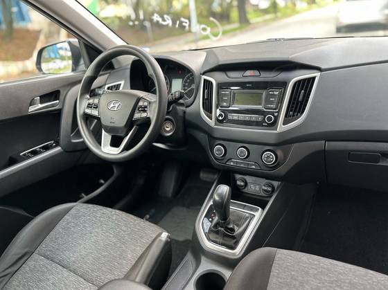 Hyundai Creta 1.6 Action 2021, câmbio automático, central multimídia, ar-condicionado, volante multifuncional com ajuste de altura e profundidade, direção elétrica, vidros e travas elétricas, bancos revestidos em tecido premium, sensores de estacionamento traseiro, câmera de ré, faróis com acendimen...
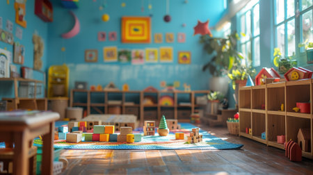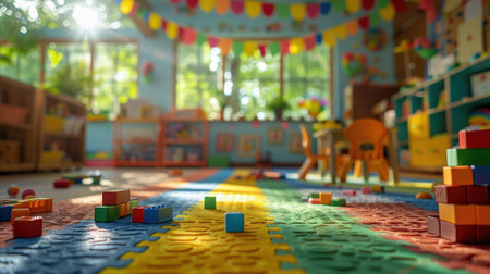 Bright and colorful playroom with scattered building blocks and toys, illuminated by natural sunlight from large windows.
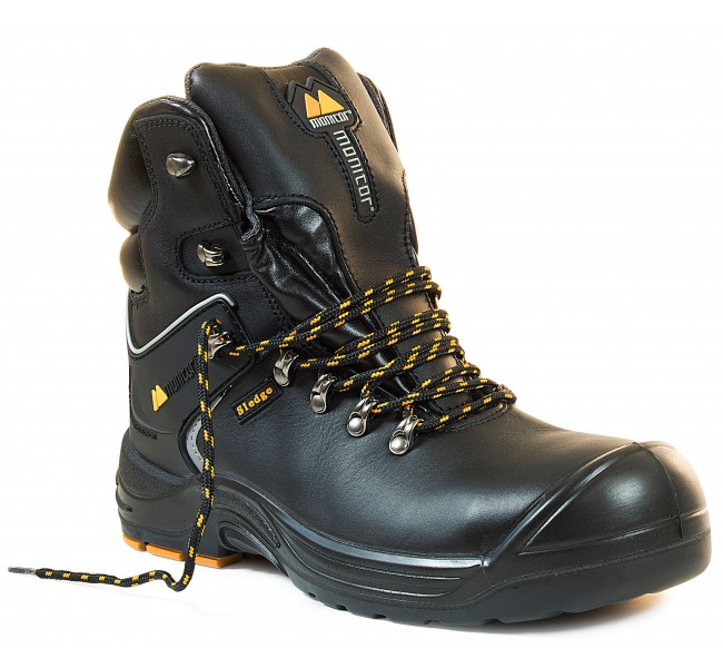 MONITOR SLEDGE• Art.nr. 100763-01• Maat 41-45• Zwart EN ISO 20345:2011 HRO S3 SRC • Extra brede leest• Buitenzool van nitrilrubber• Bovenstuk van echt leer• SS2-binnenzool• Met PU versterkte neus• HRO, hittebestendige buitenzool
==
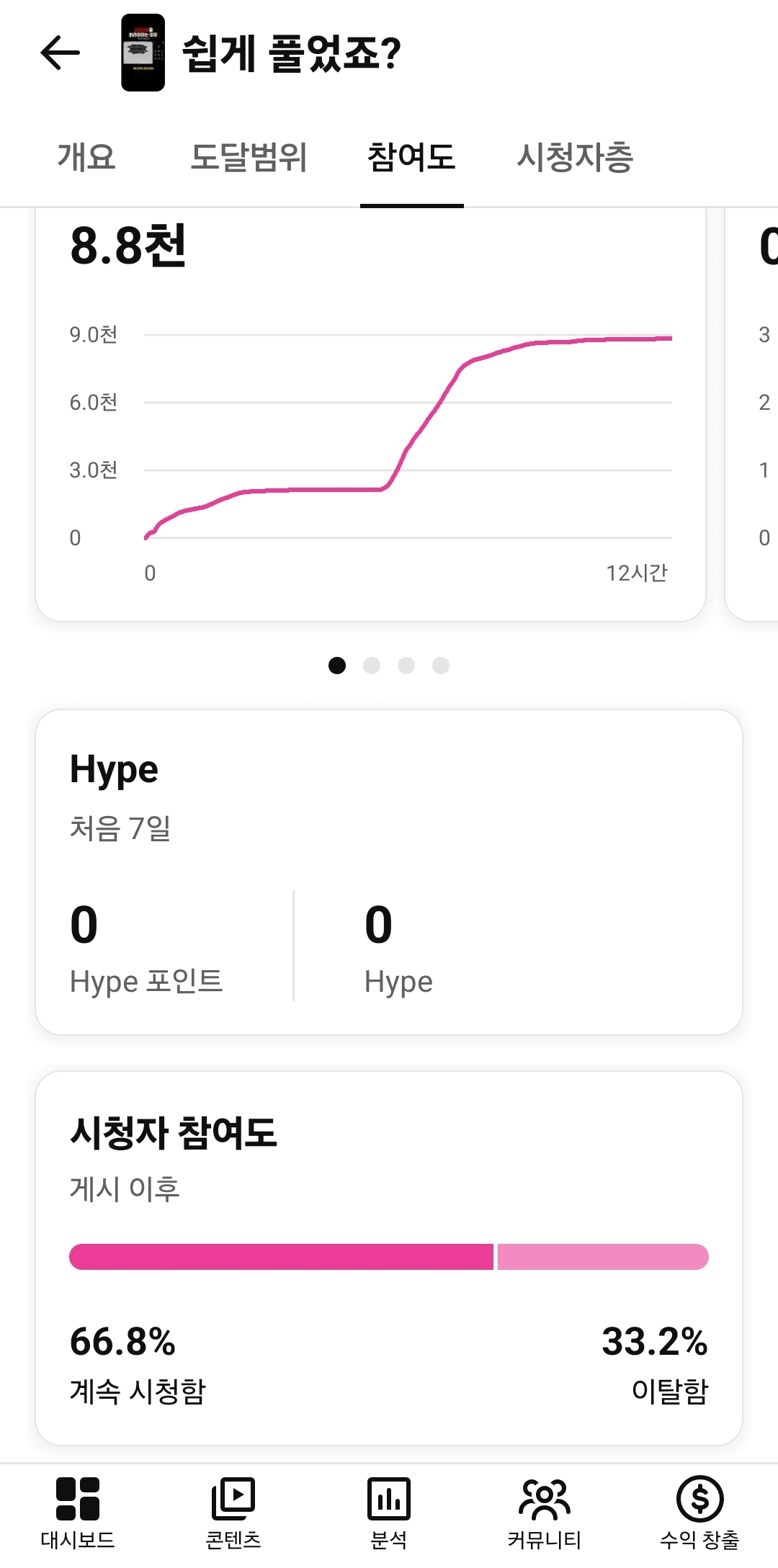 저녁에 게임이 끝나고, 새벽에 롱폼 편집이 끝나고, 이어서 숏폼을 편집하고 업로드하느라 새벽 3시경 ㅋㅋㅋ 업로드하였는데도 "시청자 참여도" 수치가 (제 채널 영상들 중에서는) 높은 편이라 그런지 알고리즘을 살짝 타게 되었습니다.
* * *
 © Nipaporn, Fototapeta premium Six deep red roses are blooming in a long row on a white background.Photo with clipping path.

WHAT NEEDS TO BE DONE: Nothing outside the stretch above, from the line with "Hyundai Creta 1.6" through the line with "MONITOR SLEDGE• Art.nr.", is set down. Transcribe that stretch exactly, ends included, but not its pictures.

RESPONSE TO THIS EXERCISE:
 Hyundai Creta 1.6 Action 2021, câmbio automático, central multimídia, ar-condicionado, volante multifuncional com ajuste de altura e profundidade, direção elétrica, vidros e travas elétricas, bancos revestidos em tecido premium, sensores de estacionamento traseiro, câmera de ré, faróis com acendimen...
 Bright and colorful playroom with scattered building blocks and toys, illuminated by natural sunlight from large windows.
 MONITOR SLEDGE• Art.nr. 100763-01• Maat 41-45• Zwart EN ISO 20345:2011 HRO S3 SRC • Extra brede leest• Buitenzool van nitrilrubber• Bovenstuk van echt leer• SS2-binnenzool• Met PU versterkte neus• HRO, hittebestendige buitenzool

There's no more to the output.